Washington: The new Return Review Program (RRP) being tested by the Internal Revenue Service (IRS) is enhancing the identification of tax return fraud, but system security needs improvement.
That is the conclusion of a new report publicly released today by the Treasury Inspector General for Tax Administration (TIGTA).
Tax fraud is a major challenge for the IRS. The IRS chartered the initiation of the RRP in 2009 to replace the Electronic Fraud Detection System (EFDS). Development of the RRP entered a strategic pause in January 2014 to allow the IRS time to evaluate the performance and design of the parallel processing database and to revisit strategic business fraud detection goals. The objective of the audit was to determine if the RRP effectively meets requirements and identifies fraudulent tax returns.
TIGTA found that during an IRS pilot, the RRP models flagged potential identity theft fraud not detected by the EFDS models. During a 32 day test, the RRP Identity Theft Model identified 51,946 returns as potential identity theft cases. The IRS confirmed that 41,311 of those returns involved identity theft. Of the confirmed identity theft cases, the IRS determined that 10,348 cases (25 percent) totaling $43 million in refunds were not detected by the EFDS or the Dependent Database.
In addition, IRS tests showed that eight million returns a day can be loaded to the RRP database as required. For example, over a one-week period the RRP consistently loaded between seven million and nine million returns a day.

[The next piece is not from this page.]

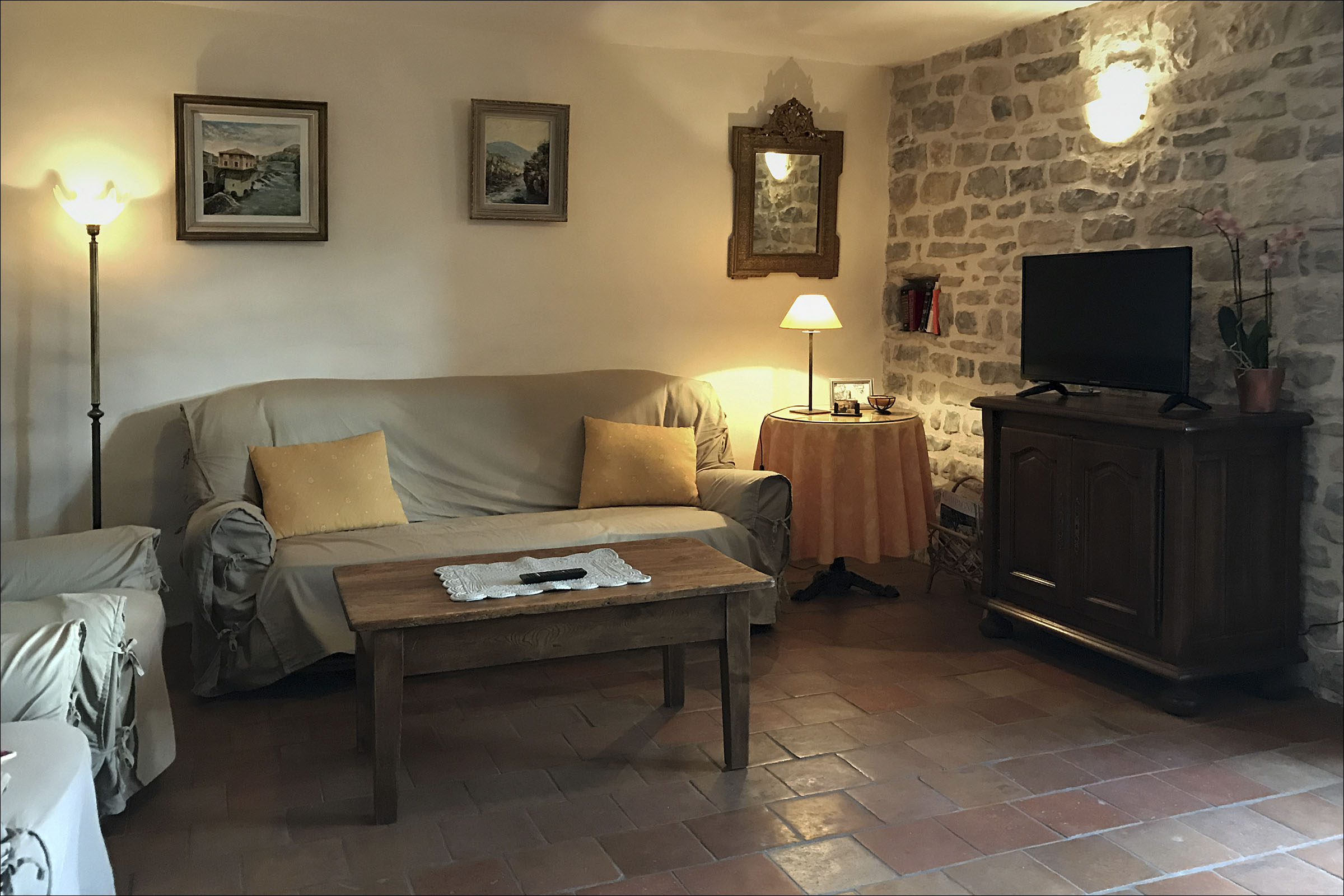 - Salon (21 m²) avec canapé, fauteuils, table basse et télévision, sol terre cuite. Orienté Sud, il offre un très beau panorama sur le village et la vallée .

However, the IRS classified the RRP as a Level 3 system (an information resource instead of a major system). Because the RRP was classified as a Level 3 Federal Information Security Management Act system, RRP-specific security issues may not be effectively addressed. In addition, identified security vulnerabilities were not remediated. For example, the October 2014 network scans identified two RRP servers that were still vulnerable to the Heartbleed bug six months after the vulnerability was announced.
“The RRP test results show potential improvements in the IRS approach to prevent, detect, and resolve pre-refund tax fraud,” said J. Russell George, Treasury Inspector General for Tax Administration. “While these potential improvements are encouraging, the IRS must also ensure the system is properly classified and meets security requirements.”
TIGTA recommended that the Chief Technology Officer ensure that: 1) IRS personnel completing the Federal Information Security Management Act system classifications are familiar with the Act’s requirements; 2) the validation of system classification and reclassification is discussed, reviewed, and documented during the biweekly cybersecurity management meeting; and 3) all critical and high-risk RRP vulnerabilities are resolved.
The IRS agreed with TIGTA’s three recommendations. It plans to brief personnel on the Federal Information Security Management Act requirements for each level of classification; enhance its current process for the validation of system classification and reclassification as discussed, reviewed, and documented during the biweekly management meeting; and focus on resolving the critical vulnerabilities in production and then the lower environments.